Overton owned Overton Hygienic Company, a successful home product and cosmetics firm. His publications included Half Century Magazine and then the Chicago Bee. He also owned the Great Northern Realty Company, and the Victory Life Insurance Company.

==Early years==
Anthony Overton, the son of Anthony and Martha DeBerry Overton, was born in Monroe, Louisiana. There his father operated a grocery and was elected to the Louisiana legislature, serving between 1871 and 1874. At some point before 1880, his family moved from Louisiana to Topeka, Kansas. His father had been born into slavery, and was among the slaves emancipated by Abraham Lincoln. His father ultimately became a small business owner, and made sure young Anthony had greater opportunities. Anthony attended Washburn College in Topeka, and after graduating with a degree in Chemistry, he studied law, earning his legal degree from the University of Kansas School of Law in 1888. He briefly worked as a lawyer, and became a judge in Shawnee, Kansas.

==Business career==
In 1898, Overton established the Hygienic Manufacturing Company, which produced goods for drug stores and groceries. The products included High Brown Face Powder, which was "the first market success in the sale of cosmetics for black women". In 1911, he moved his business from Kansas to Chicago. Overton also opened a grocery store in Kansas City, Kansas by the late 1890s.

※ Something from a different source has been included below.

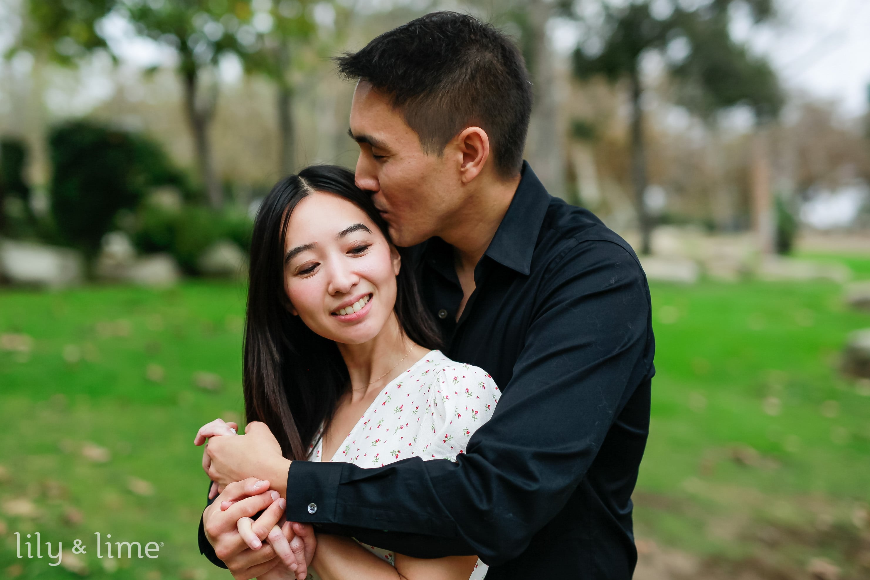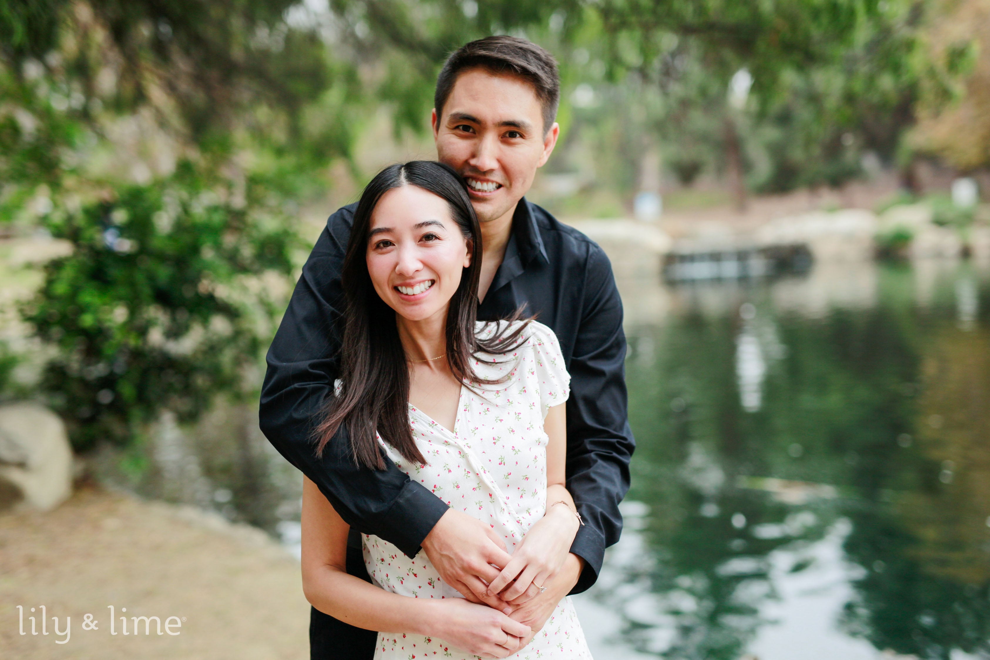 The beautiful Los Angeles park had a sprawling landscape that offered diverse settings, allowing Angela and Ryan to explore different areas for their Los Angeles engagement photography session. From the tranquility of lakeside moments to the charm of tree-lined pathways, each location within the park contributed to the visual narrative of their love story. The versatility of the gorgeous Los Angeles park provided a variety of captivating backdrops, enhancing the overall aesthetic of the engagement session.
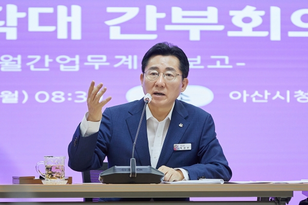 [Ytv영상스토리] 박경귀 아산시장이 31일 열린 ‘8월 월간 확대간부회의’에서 “매니페스토 경진대회에서 최우수상을 받은 데 이어 이제는 성과를 창출해 인정받아야 한다”고 강조했다.

In 1916 he established Half-Century Magazine. In 1923 he established the Douglass National Bank, the second nationally chartered black-owned bank in the United States. He went on to develop a highly diverse conglomerate, including the Great Northern Realty Company, and the Victory Life Insurance Company. In 1925, he founded the Chicago Bee, a black newspaper known for its support of liberal causes. The newspaper was unusual because one of its managing editors was a woman, Olive M. Diggs. In 1927 The National Association for the Advancement of Colored People (NAACP) awarded him its Spingarn Medal for outstanding achievement by an African American. That same year, he was also given the prestigious Harmon award's first award and Gold medal in Business. He was a member of Alpha Phi Alpha fraternity. In addition, there is an elementary school in Chicago that is named after him.

After Overton's death in 1946, the Bee was briefly continued by his sons in a tabloid format. It folded in 1947.